[Given material Boundary: Start]

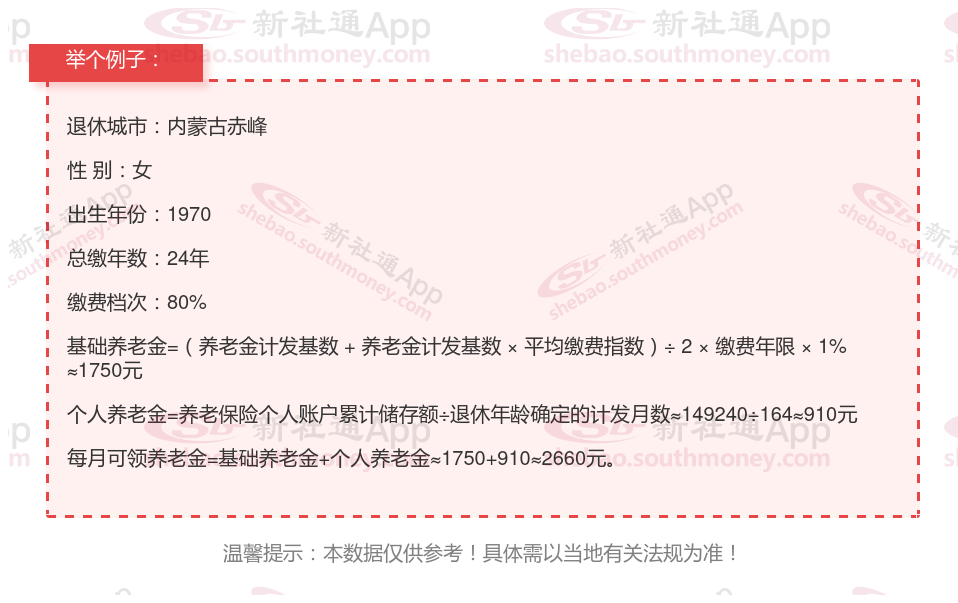 新社通app养老金计算器计算所得:
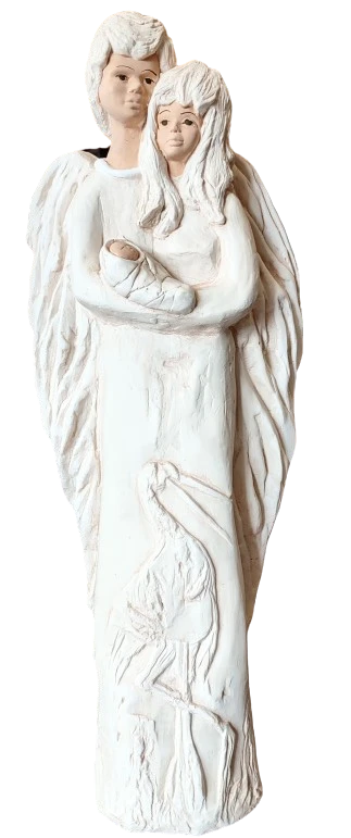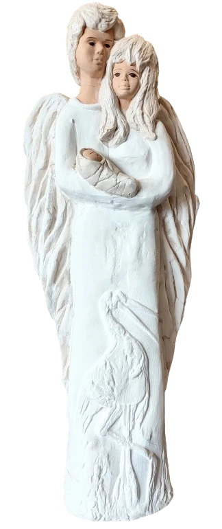 ANIOŁ RODZINA Z DZIECKIEM STOJĄCY GIPSOWY 44CM
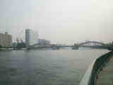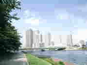 聖路加ガーデンタワーの裏はもう隅田川。川沿いに遊歩道「隅田川テラス」が作られていて、人々が思い思いに川を眺めている姿が見られる。左の写真はテラスから佃島方向を撮った。手前の橋が佃大橋、その向こうにそびえる高層マンションは「リバティー21」 |
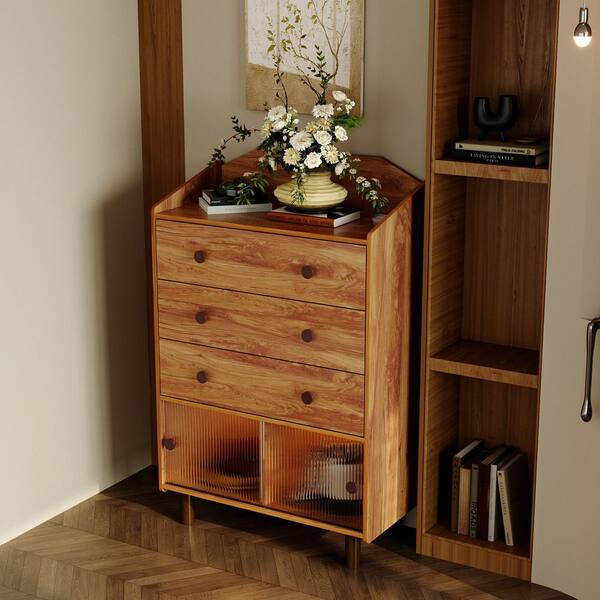 31.5 in. Length Yellow Wood Grain Rectangle Wood Console Table, Sideboard with 3-Drawer, 2-Shelf, Sliding Glass Doors

[Given material Boundary: End]

What is required — Produce the data again character for character, with the images left out.

Exercise response —
 新社通app养老金计算器计算所得:
 ANIOŁ RODZINA Z DZIECKIEM STOJĄCY GIPSOWY 44CM
 聖路加ガーデンタワーの裏はもう隅田川。川沿いに遊歩道「隅田川テラス」が作られていて、人々が思い思いに川を眺めている姿が見られる。左の写真はテラスから佃島方向を撮った。手前の橋が佃大橋、その向こうにそびえる高層マンションは「リバティー21」 |
 31.5 in. Length Yellow Wood Grain Rectangle Wood Console Table, Sideboard with 3-Drawer, 2-Shelf, Sliding Glass Doors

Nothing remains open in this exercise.